Now that we've touched on each of the components of a 1-dimensional electrodynamic PIC method, let's try to move our model into a full multidimensional one. The main difficulty in moving from 1D to 2D/3D is the increased variety of waves present in the solution.

### Field Equations

The EM fields must be solved for the full Maxwell's equations, not just Poisson's equation, in order to capture the full dynamics.

{{< katex display >}}
\pdv{\vec E}{t} = c \curl \vec B - \vec j
{{< /katex >}}

{{< katex display >}}
\pdv{B}{t} = - c \curl \vec E
{{< /katex >}}

Again, we'll use our leapfrog algorithm to advance in time, with \\( \vec j \\) determined by the particle velocities, \\( \vec v_i \\) at \\( n + 1/2 \\).

{{< katex display >}}
\frac{\vec E ^{n+1} - \vec E^n}{\Delta t} = c \curl \vec B ^{n + 1/2} - \vec j ^{n+1/2}
{{< /katex >}}

We need to know the magnetic field at a different time step than the particle positions / electric field, so we'll have to keep that in mind.

{{< katex display >}}
\frac{\vec B^{n + 1/2} - \vec B^{n - 1/2}}{\Delta t} = - c \curl \vec E^n
{{< /katex >}}

When we compute spatial derivatives like \\( \curl \vec A \\), they must also be centered.
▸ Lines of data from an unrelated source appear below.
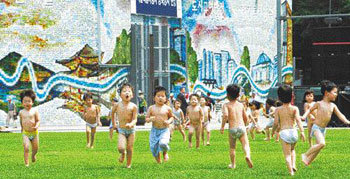 20日、ソウル市役所前の噴水で遊んでいた子供たちが、濡れた体を乾かそうと芝生の上を走り回っている。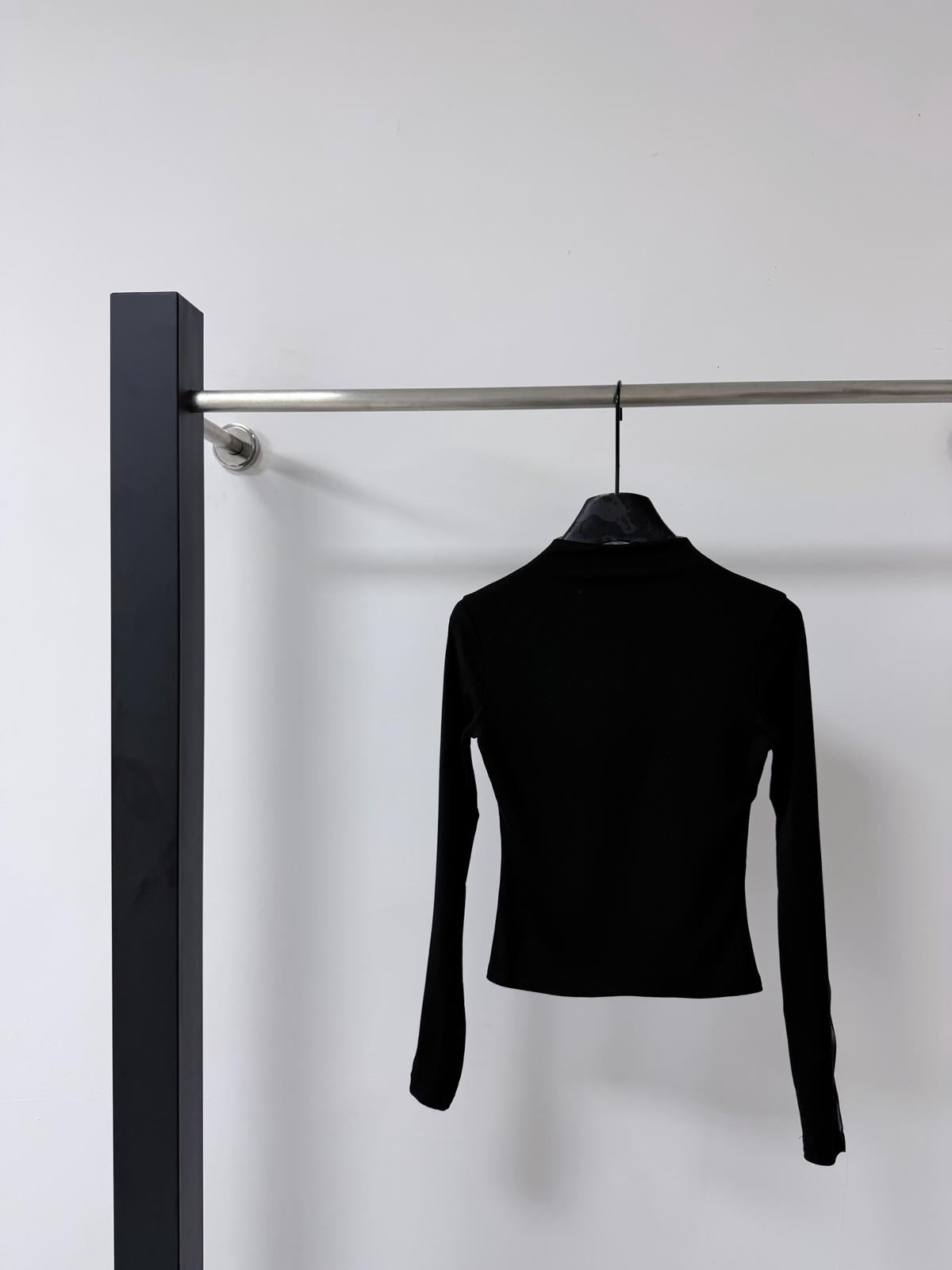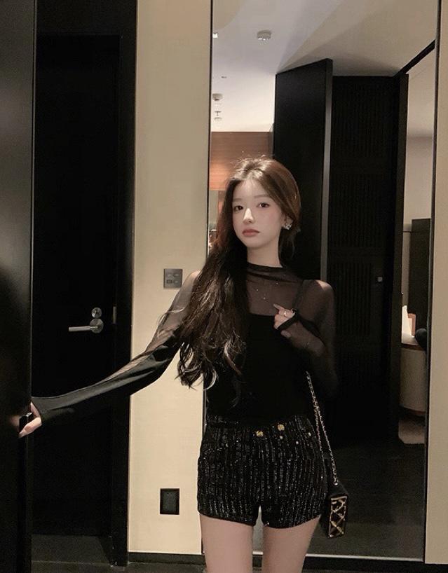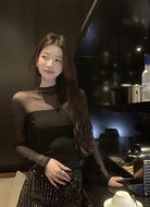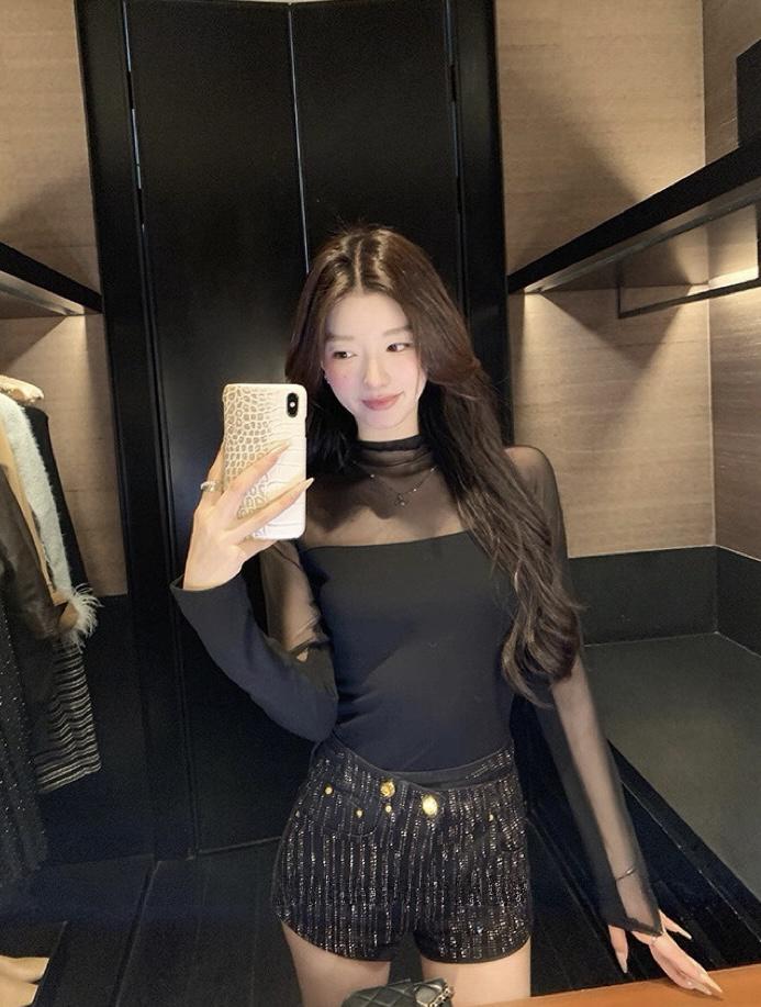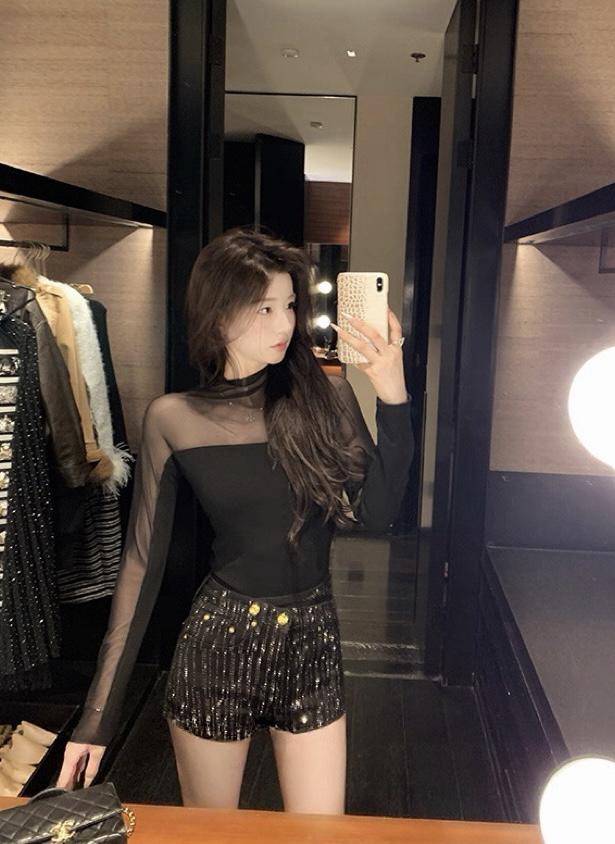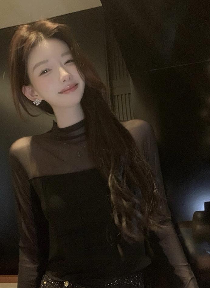 3. 【C8393】純欲辣妹小女人立領網紗拼接假兩件長袖T恤小衫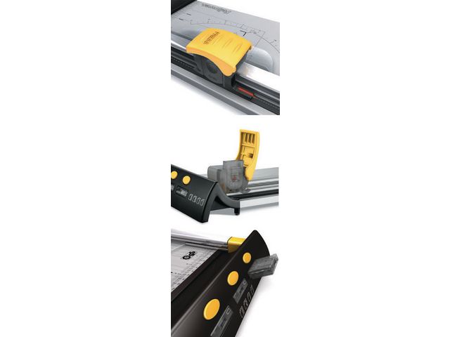 Rullskärmaskin för A3-format – lämplig för mindre omfattande uppgifter. Rullskärmaskin, Fellowes Electron. Med unik SafeCut LED-guide som är mer exakt än rullskärmaskiner med laser. Skärbladet byts enkelt ut så att man utan problem kan byta mellan rakt skär, vågformigt skär, fals/bockning och perforering. SafeCut- klingan blottas enbart när den används, vilket ökar säkerheten. – Integrerad placering av SafeCut™-klingan – Skärlängd: 46,5 cm – Skärkapacitet: 20 ark – Mått (anläggsbord): BxL 19,5 x 46 cm – Vikt: 1,6 kg – Best.enhet: styck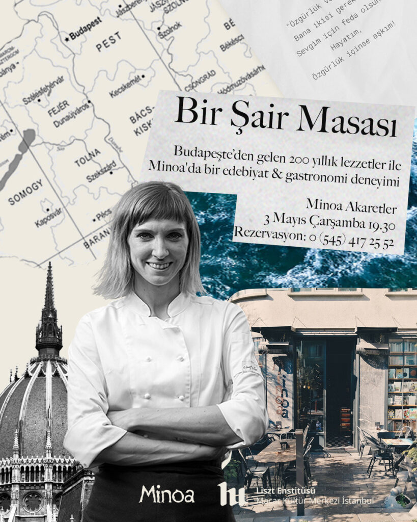 19. yüzyılın en büyük Macar şairi kabul edilen Sándor Petőfi’nin doğumunun 200. yılı şerefine, Minoa Kitabevi Akaretler’de bir edebiyat ve gastronomi gecesi düzenleniyor. 3 Mayıs Çarşamba akşamı Macar Kültür Merkezi’nin desteğiyle gerçekleştirecek “Bir Şair Masası”, konuk şef Ágnes Tóth’un geleneksel Macar lezzetlerini yorumladığı menüsüyle hazırlanacak.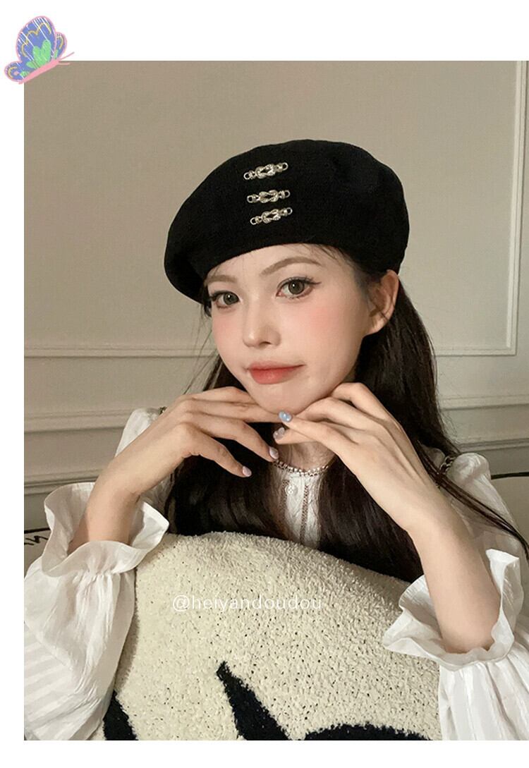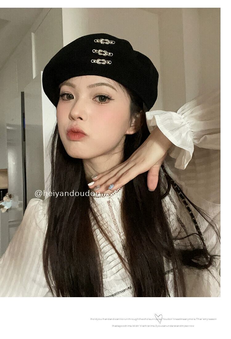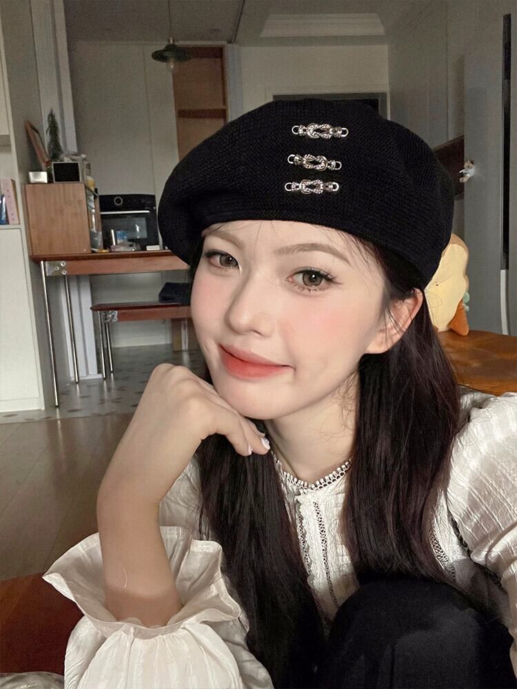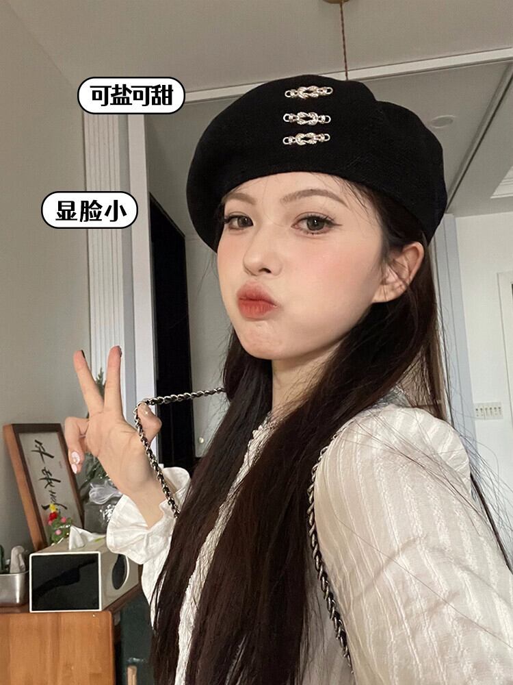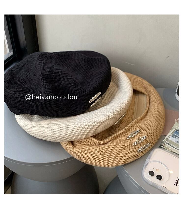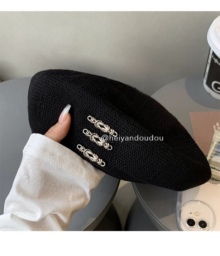 2023 黒ベレー帽女性の夏薄いニッチ大きな頭ウエスト芽帽子ショー小顔 ブラック サマー 夏物 ベレット ヘアアクセサリー 15dd33110538147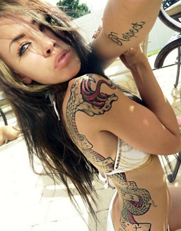 半裸美女展示性感满背纹身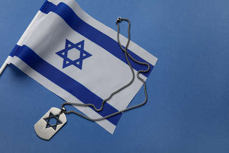 Holocaust Remembrance Day. Burning candles on flag of Israel, closeup
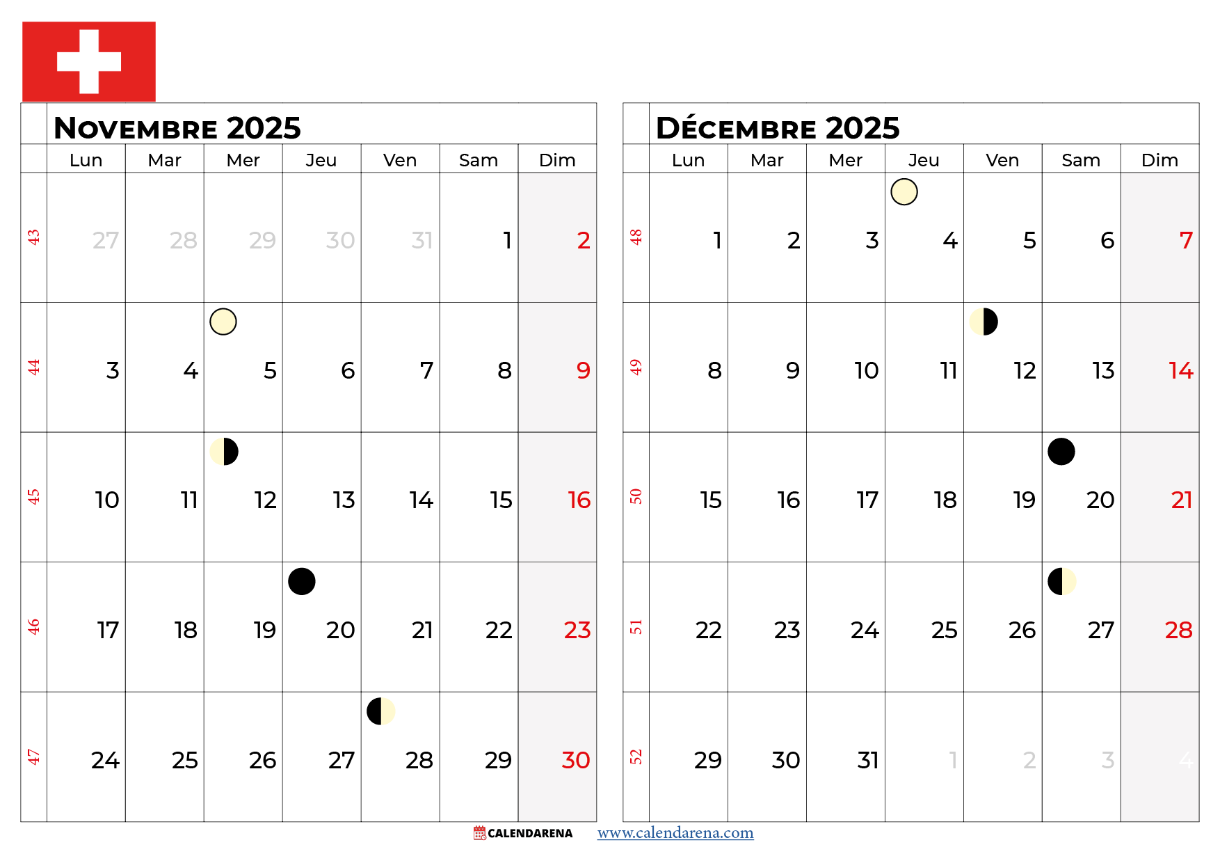 Pour une meilleure vision à moyen terme, notre Calendrier Novembre Décembre 2025 Suisse vous permet de visualiser ces deux mois cruciaux de fin d’année sur un seul document. Cette perspective élargie est particulièrement utile pour:

In 2D the curl is

{{< katex display >}}
\text{2D} \quad \curl \vec A = \vu x \pdv{A_z}{y} + \vu y \left( - \pdv{A_z}{x} \right) + \vu z \left( \pdv{A_y}{x} - \pdv{A_x}{y} \right)
{{< /katex >}}

In a naive implementation, we could simply calculate these spatial derivatives using finite differences placed at the cell vertices. This would give us estimates of the derivatives at the midpoints between the cells. But we need those derivatives at the cell vertices to determine \\( \vec E \\) and \\( \vec B \\), so we would have to perform some averaging. This means that splitting the curl operator to different locations reduces overall accuracy.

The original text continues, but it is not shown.